Dataset excerpts
* * *
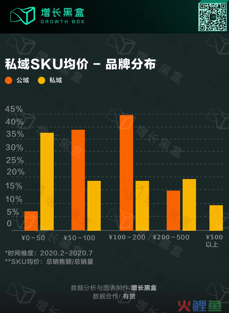 价格方面,品牌在公域和私域的SKU均价也有明显区别。
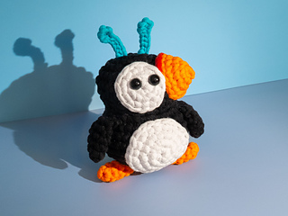 Never too busy to pick snowberries with Pal, this is a delightful beginner(ish) pattern for Will the Arctic Puffin that’s ready to join the North Pole crew for any adventure.
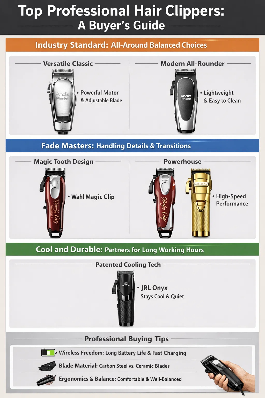 Om du letar efter professionell kvalitet hårklippare , frisörer prioriterar vanligtvis kraft, knivskärpa och balanserad hantering. Här är några av de bästa professionella modellerna på marknaden för närvarande:
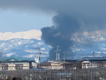 TikTokに上がってる「寒河江火災」動画 煙の柱が真っ直ぐ上がってる
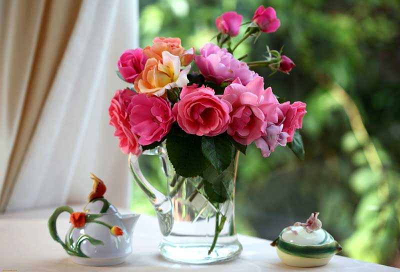 10. Букет лучше всего ставить в светлом помещении, но уберегая от прямых солнечных лучей. Отопительные приборы поблизости и сквозняки так же не пойдут на пользу срезанным цветам. На ночь вазу можно перемещать во влажное и прохладное место. Вообще, при температуре 17-18° С букет останется свежим дольше, чем если будет стоят в помещении при 22°С, к примеру.
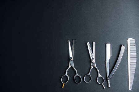 Barber shop. Close-up of barber tools for cutting hair in a male hairdresser. Baner copyspace
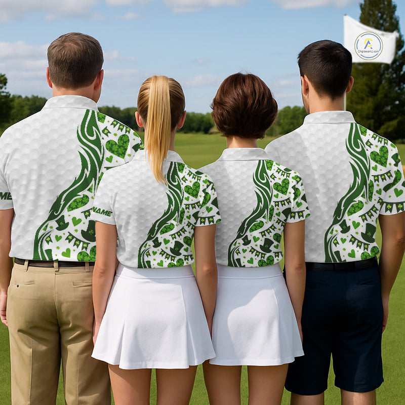 Custom White and Green St Patrick's day pattern Golf Polo Shirts For Men, team mens golf outfit NQS11209
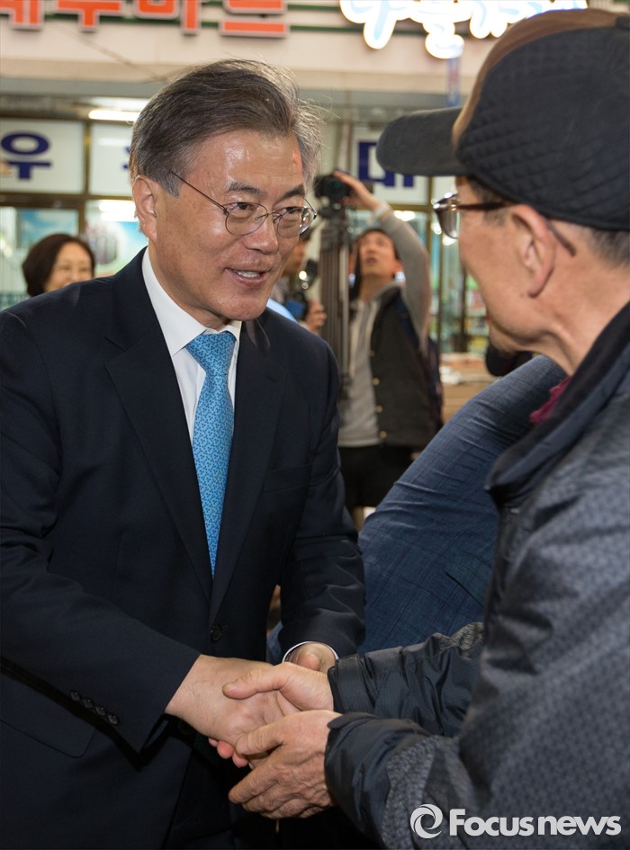 (논산=포커스뉴스) 문재인 더불어민주당 전 대표가 29일 오후 충남 논산시 중앙시장을 방문해 시민들과 악수하며 김종민 후보의 지지를 호소하고 있다.
* * *
» Your goal
Give again, word for word, every line from the top of the data through the line with "Never too busy", both ends included, and exclude the pictures.

» Exercise output
 价格方面,品牌在公域和私域的SKU均价也有明显区别。
 Never too busy to pick snowberries with Pal, this is a delightful beginner(ish) pattern for Will the Arctic Puffin that’s ready to join the North Pole crew for any adventure.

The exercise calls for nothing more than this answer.